The filter() function can be combined with other functions like map() to process the filtered data further.

For example, to filter a list and square the filtered numbers:

nums = [1, 2, 3, 4, 5, 6, 7, 8]

filtered = filter(lambda x: x%2 == 0, nums)
squared = map(lambda x: x**2, filtered)

print(list(squared))

Output:

[4, 16, 36, 64]

We first filtered even numbers, then squared each number. This shows how filter() and map() can be combined.

You can chain together any number of functions like filter(), map(), sorted(), reduce() etc to get the desired filtered and processed data.

Real-World Examples of Data Filtering with filter()

Let’s look at some real-world examples of using filter() for data filtering.

Filtering Database Records

filter() is commonly used to filter rows from databases based on conditions.
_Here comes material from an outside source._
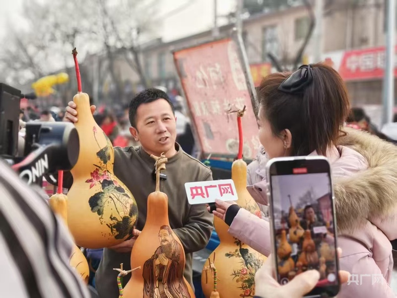 在旁邊的友誼葫蘆攤位前,形態(tài)各異、制作精致的葫蘆制品吸引了不少村民駐足觀看。山東省級非遺項(xiàng)目章丘葫蘆雕刻代表性傳承人馬友誼表示,這些葫蘆都是手工制作,每一個(gè)都有其獨(dú)特的寓意和故事,有些還登上國際舞臺進(jìn)行展示。
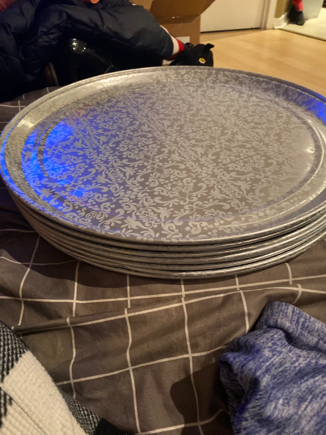 Selling a set of 10 pizza pans with a pretty silver pattern! They're in good condition and ready for your next pizza night. Perfect for baking or serving up your favourite homemade pizzas

For example:

import psycopg2

conn = psycopg2.connect(dbname="mydb")
cur = conn.cursor()

cur.execute("SELECT * FROM employees")
rows = cur.fetchall()

senior_employees = filter(lambda emp: emp[2] > 5, rows)

for emp in senior_employees:
   print(emp)

This filters database rows where the years of experience is more than 5 years.

Removing Stopwords from Text

Stopwords are common words like ‘a’, ‘and’, ‘the’ that should be filtered out from text:

from nltk.corpus import stopwords

text = "The quick brown fox jumps over the lazy dog"

stop_words = set(stopwords.words('english'))

words = text.split()

filtered_words = filter(lambda word: word not in stop_words, words)

print(filtered_words)

This filters out all the stopwords from the text.

Finding Prime Numbers

The filter() function can filter out prime numbers from a sequence of numbers:

nums = range(1, 25)

primes = filter(lambda x: all(x%y != 0 for y in range(2, x)), nums)

print(list(primes))

Here, we constructed a lambda function that checks each number for primality and filter() gives only the primes.

These are just a few examples. filter() can be used in many other scenarios like processing datasets, analyzing logs etc.

Conclusion

The filter() function is an important built-in function in Python for filtering iterable data. This guide covers how to use filter() to filter lists, tuples, sets, dictionaries as well as custom objects based on different criteria.

Constructing the filter criteria using lambda functions allows for compact and flexible filtering. filter() can be combined with other functions like map() to process the filtered data further.

Some real-world use cases of filter() were also discussed like filtering database records, text analysis and finding prime numbers. Mastering filter() will make your Python data processing and analysis work easier and faster.

The key points from this guide are:

I hope this guide provided a comprehensive overview of how to filter data in Python using filter(). You should now be able to comfortably use this function for a wide range of applications.